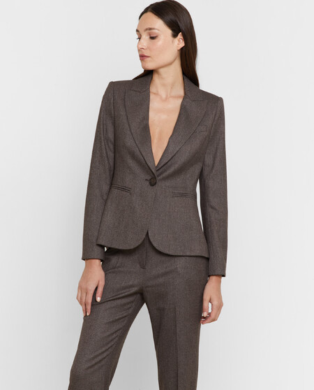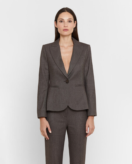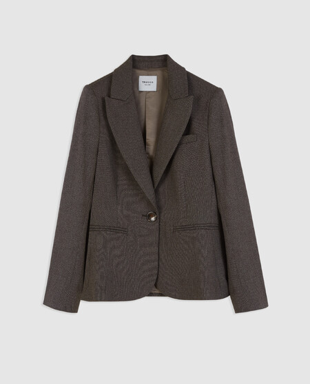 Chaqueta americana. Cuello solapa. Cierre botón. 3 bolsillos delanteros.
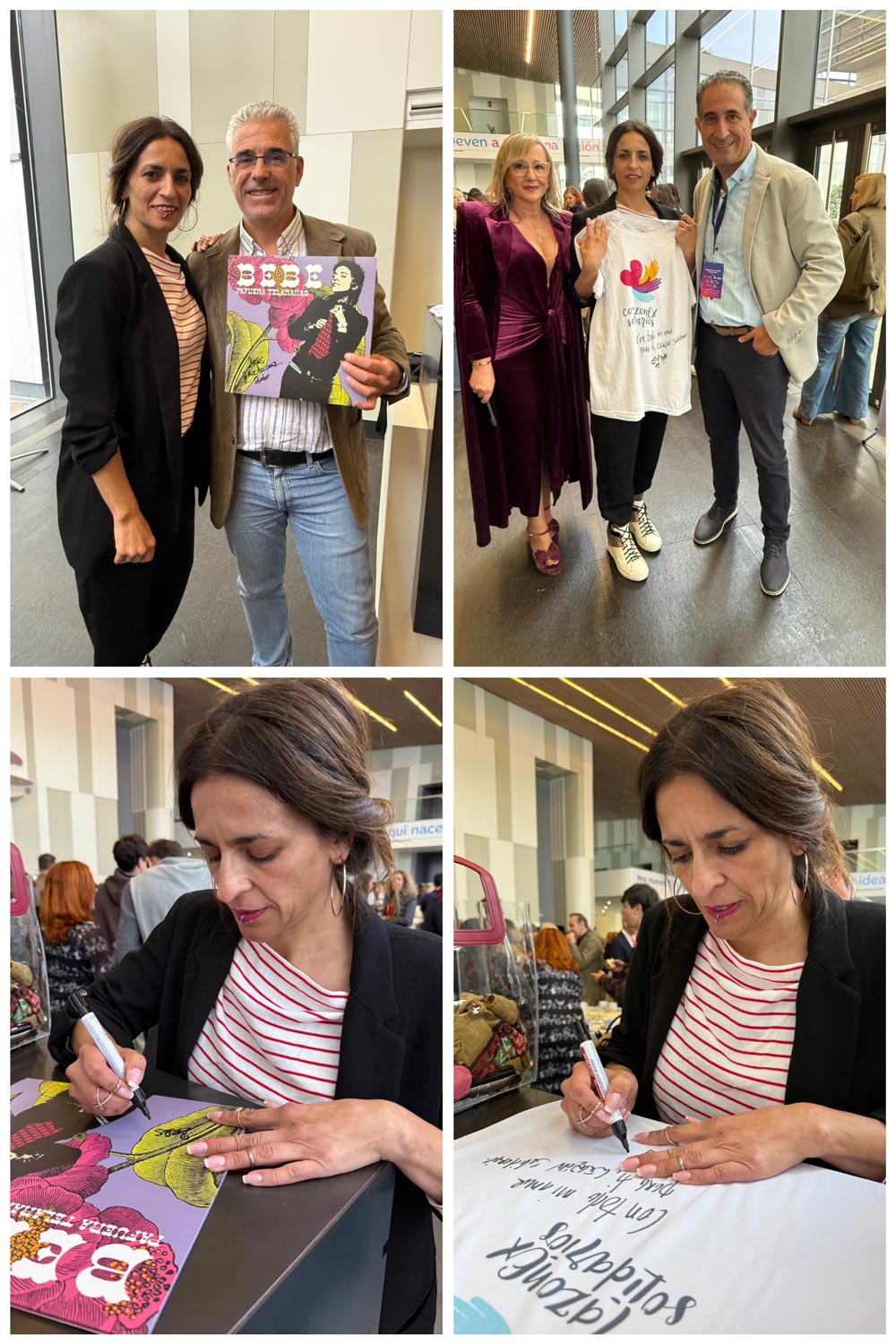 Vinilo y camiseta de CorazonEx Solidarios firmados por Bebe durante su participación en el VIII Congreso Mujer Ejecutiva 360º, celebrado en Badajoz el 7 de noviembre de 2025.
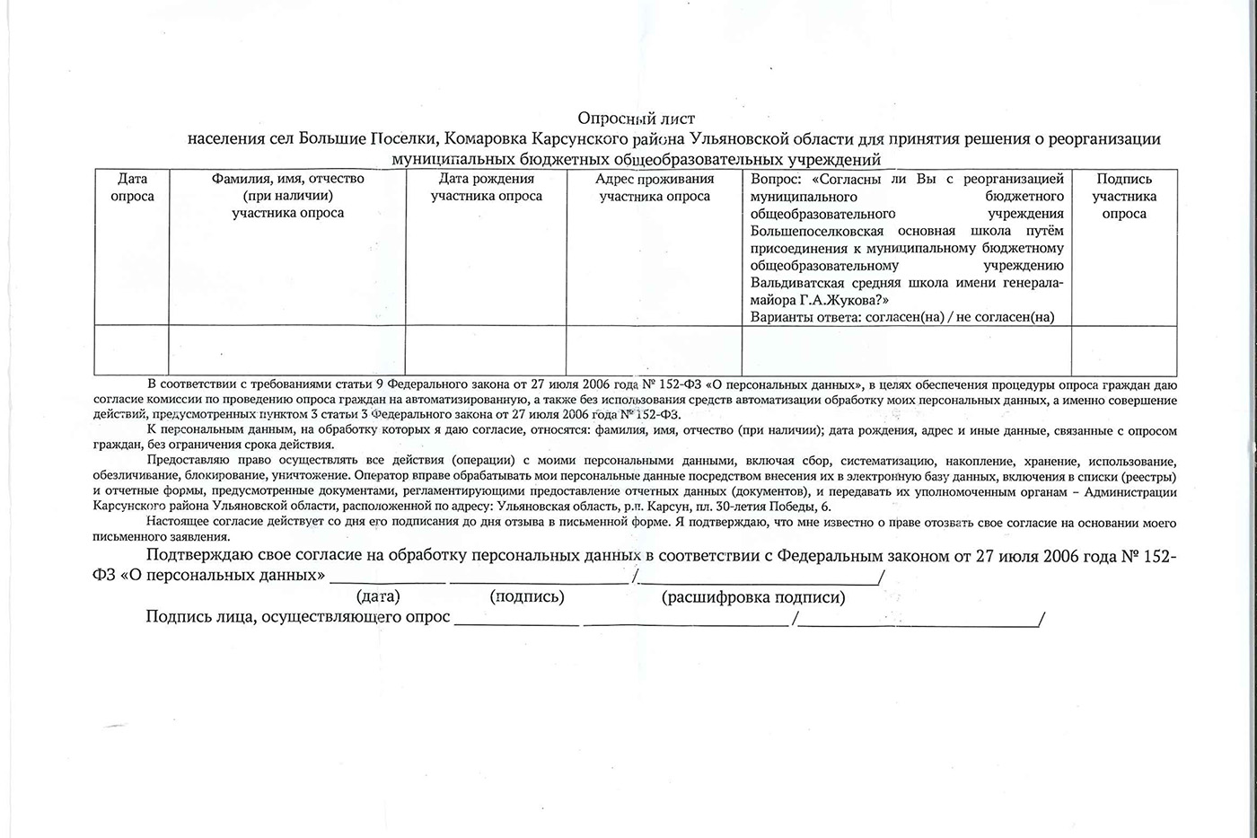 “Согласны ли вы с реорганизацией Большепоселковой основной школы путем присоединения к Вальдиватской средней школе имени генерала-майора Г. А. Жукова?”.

--------------------

[WHAT IS BEING ASKED]:
Starting from the line that contains "Vinilo y camiseta", transcribe exactly each line down to the final line of the material above, excluding every picture and adding nothing else.

[WORKED SOLUTION]:
 Vinilo y camiseta de CorazonEx Solidarios firmados por Bebe durante su participación en el VIII Congreso Mujer Ejecutiva 360º, celebrado en Badajoz el 7 de noviembre de 2025.
 “Согласны ли вы с реорганизацией Большепоселковой основной школы путем присоединения к Вальдиватской средней школе имени генерала-майора Г. А. Жукова?”.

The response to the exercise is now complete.